Bytes codec (version 1.0)#

Editor’s draft 26 July 2019

Specification URI:: https://zarr-specs.readthedocs.io/en/latest/v3/codecs/bytes/v1.0.html
Corresponding ZEP:: ZEP0001 — Zarr specification version 3
Issue tracking:: GitHub issues
Suggest an edit for this spec:: GitHub editor

Abstract#

Defines an array -> bytes codec that encodes arrays of fixed-size numeric data types as a sequence of bytes in lexicographical order. For multi-byte data types, it encodes the array either in little endian or big endian.

Status of this document#

ZEP0001 was accepted on May 15th, 2023 via zarr-developers/zarr-specs#227.

Document conventions#

Conformance requirements are expressed with a combination of descriptive assertions and [RFC2119] terminology. The key words “MUST”, “MUST NOT”, “REQUIRED”, “SHALL”, “SHALL NOT”, “SHOULD”, “SHOULD NOT”, “RECOMMENDED”, “MAY”, and “OPTIONAL” in the normative parts of this document are to be interpreted as described in [RFC2119]. However, for readability, these words do not appear in all uppercase letters in this specification.

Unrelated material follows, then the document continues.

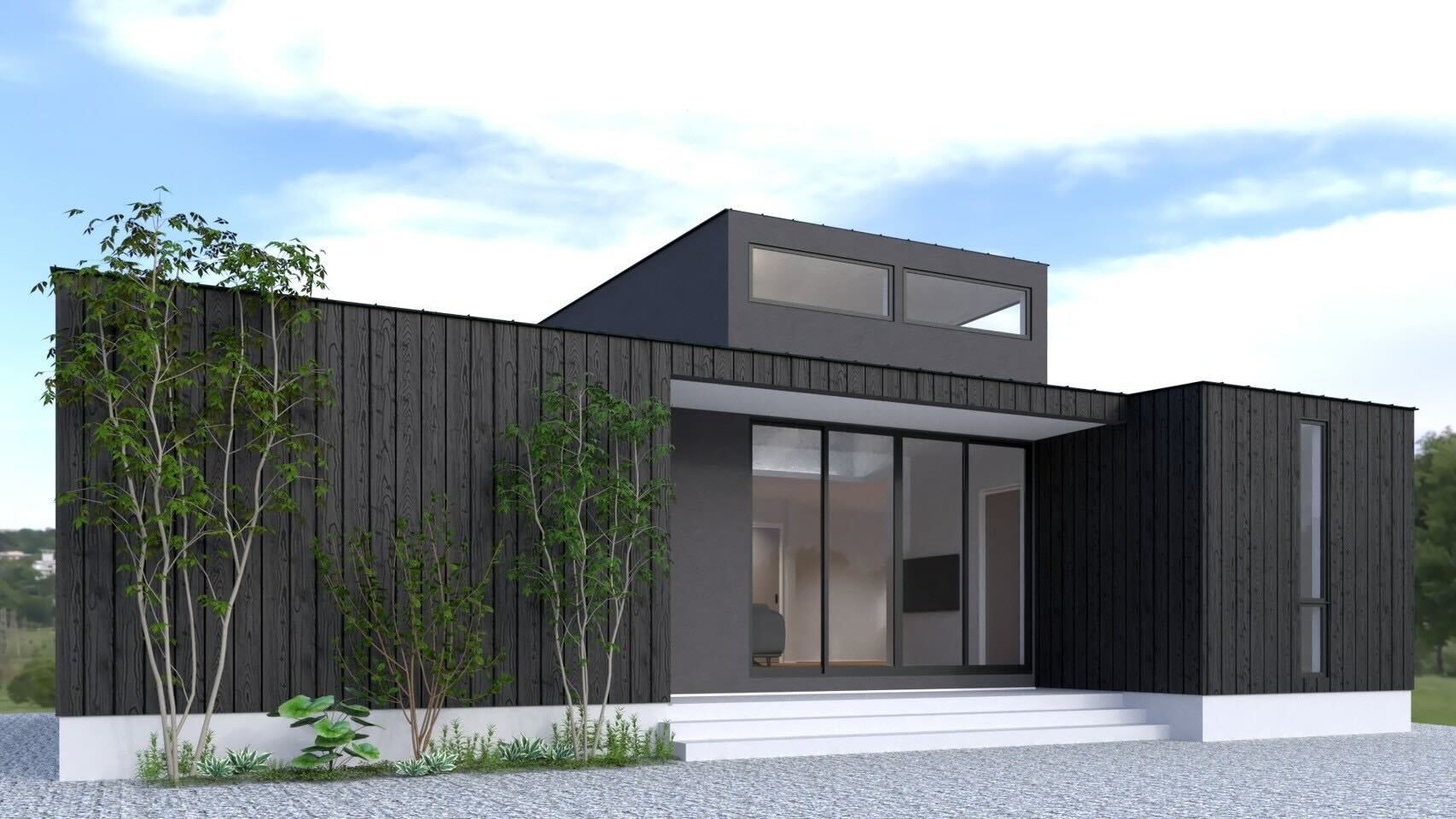 贅沢な空間の使い方、アクセントの焼杉外壁、シンプルかつホテルライクな空間。

All of the text of this specification is normative except sections explicitly marked as non-normative, examples, and notes. Examples in this specification are introduced with the words “for example”.

Codec name#

The value of the name member in the codec object MUST be bytes.

Configuration parameters#

endian:: Required for data types for which endianness is applicable. For example, this includes multi-byte data types, such as uint16 and int32, but not single-byte data types, such as uint8 or bool. If present, the value MUST be a string equal to either "big" or "little".

Format and algorithm#

This is an array -> bytes codec.

Each element of the array is encoded using the specified endian variant of its binary representation listed below. Array elements are encoded in lexicographical order. For example, with endian specified as big, the int32 data type is encoded as a 4-byte big endian two’s complement integer, and the complex128 data type is encoded as two consecutive 8-byte big endian IEEE 754 binary64 values.

Supported data types#
Identifier	Binary representation
`bool`	Single byte, with false encoded as `\\x00` and true encoded as `\\x01`. Does not depend on `endian` parameter.
`int8`	1 byte two’s complement. Does not depend on `endian` parameter.
`int16`	2-byte two’s complement
`int32`	4-byte two’s complement
`int64`	8-byte two’s complement
`uint8`	1 byte. Does not depend on `endian` parameter.
`uint16`	2-byte
`uint32`	4-byte
`uint64`	8-byte
`float16` (optionally supported)	2-byte IEEE 754 binary16
`float32`	4-byte IEEE 754 binary32
`float64`	8-byte IEEE 754 binary64
`complex64`	2 consecutive 4-byte IEEE 754 binary32 values (real component followed by imaginary component)
`complex128`	2 consecutive 8-byte IEEE 754 binary64 values (real component followed by imaginary component)
`r*`	number of bits, which must be a multiple of 8, given by `*`.

Note

To encode elements in a different order than lexicographical order (C order/row major), the transpose codec may be specified.

References#

[RFC2119] (1,2)

S. Bradner. Key words for use in RFCs to Indicate Requirement Levels. March 1997. Best Current Practice. URL: https://tools.ietf.org/html/rfc2119

Change log#

endian codec was renamed to bytes codec. PR #263